John Perdue State Treasurer
John Perdue
State Treasurer

       CHARLESTON – State Treasurer John Perdue is warning Mountain State residents not to be duped by what appears to be an unclaimed property/identity theft scam.

Someone faxed a recent letter to a Charleston businessman, who forwarded it to the Treasurer’s Office. It bore the letterhead of Federal Reserve Bank on 33 Liberty Street, New York. It also bore the typed signature of Federal Reserve Bank Chairwoman Janet Yellen. Both the address and name are accurate.

The letter contains a few tipoff references, however, before asking for the telltale personal information. The opening paragraph reads in part:

“As new Chairperson U.S. Federal Reserve Bank, I have made it my first point of priority under the instruction of President barack (sic) Obama administration via United States Department of Treasury to commence immediate unclaimed fund payments accrued to individuals (sic) inheritance fund with respect to local and overseas payment before the end of 2015 fiscal year.”

In murky language often consistent with overseas scams, the letter eventually asks for the following: full name, residential address, valid cell phone number; and country/state of residence.

It also requests bank details as follows: name of bank, address of bank, account number, routing number (misspelled); and account beneficiary name.

“I know people have been told before but a person should never, ever give up his or her personal information, including bank numbers, upon any mail or e-mail solicitation,” Treasurer Perdue said. “I can’t stress this enough. Your bank account will be ruined and your life turned upside down. And, unclaimed property – an area this office assists residents with for free – is often also used as the agent for a scam.”

While a request may sound official, the Treasurer says, one should always verify with another source before giving out personal information. As an example, one may receive a letter, phone call or e-mail that your credit card or bank account has been accessed by someone else.

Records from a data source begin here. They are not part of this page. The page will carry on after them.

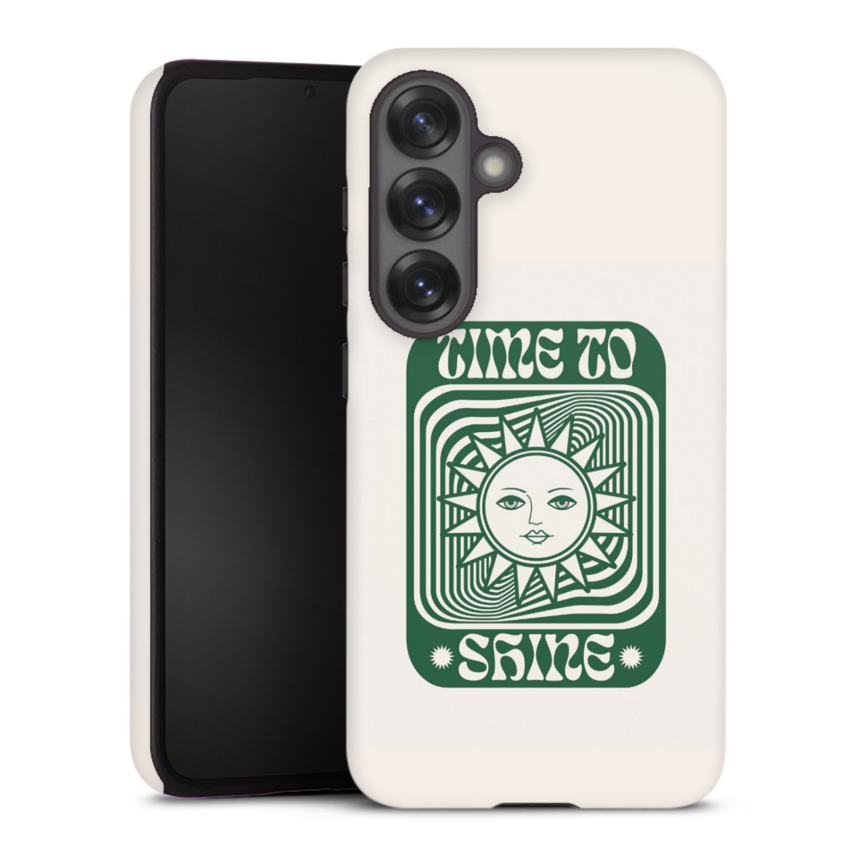 Bei dieser Handyhülle nutzen wird den besonders langlebigen Sublimationsdruck. Dieses raffinierte Druckverfahren sticht durch sein hochwertiges, gestochen scharfes Druckbild in brillanten Farben hervor. Der Druckbereich umfasst die ganze Hartschale inklusive der Ecken und Kanten, lediglich der Silikon-Einleger bleibt einfarbig schwarz. Wähle für Dein Design entweder eines unserer exklusiven Shop-Motive, oder werde kreativ und gestalte Dein Wunschdesign zum Beispiel mit Fotos und Overlays selbst.
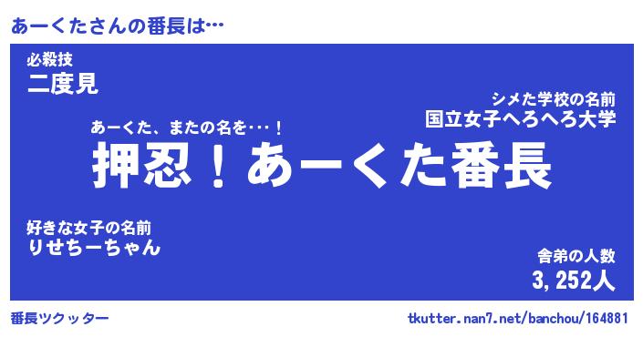| 意味不明あだ名 | 『ペロリンあーくた』『永久保存あーくた』 |
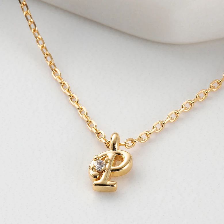 925 Sterling Silver Crystal Letter P M Pendant Necklace Jewelry Initials Dainty Custom Diamond 18K Gold Plated Initial Necklace
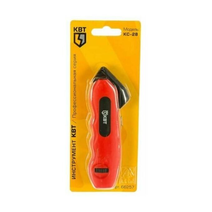 4.Подпружиненная скоба инструмента для снятия изоляции КВТ КС-28 66257 служит для фиксации изделия на кабеле;
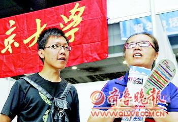 6月25日,在濟南的高招咨詢會上,一名考生從北京大學的咨詢臺前走過。(資料片) 本報記者 王媛 攝
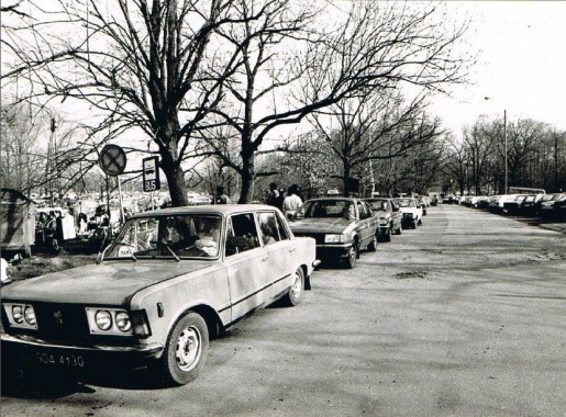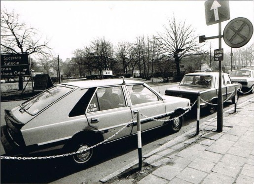 Zdjęcie nr 8. Jeden z postojów taxi w Słubicach okresu transformacji ustrojowej. Na podstawie starych fotografii można zauważyć dominację marek, tj. Fiat, Polonez i Mercedes.

The person may also be asked to verify a phone number. Before giving out any personal information, contact your credit card company or bank separately to see if someone indeed has access to your account. Do not allow the person requesting the information to contact the credit card company or bank for you.

As for unclaimed property, the only relevant fact to know is that searches are free at the Treasurer’s office website, www.wvtreasury.com. Staff can be reached there at 1-800-642-8687.

“One should never pay for an unclaimed property search,” the Treasurer said. “That’s partly the reason my office is here.”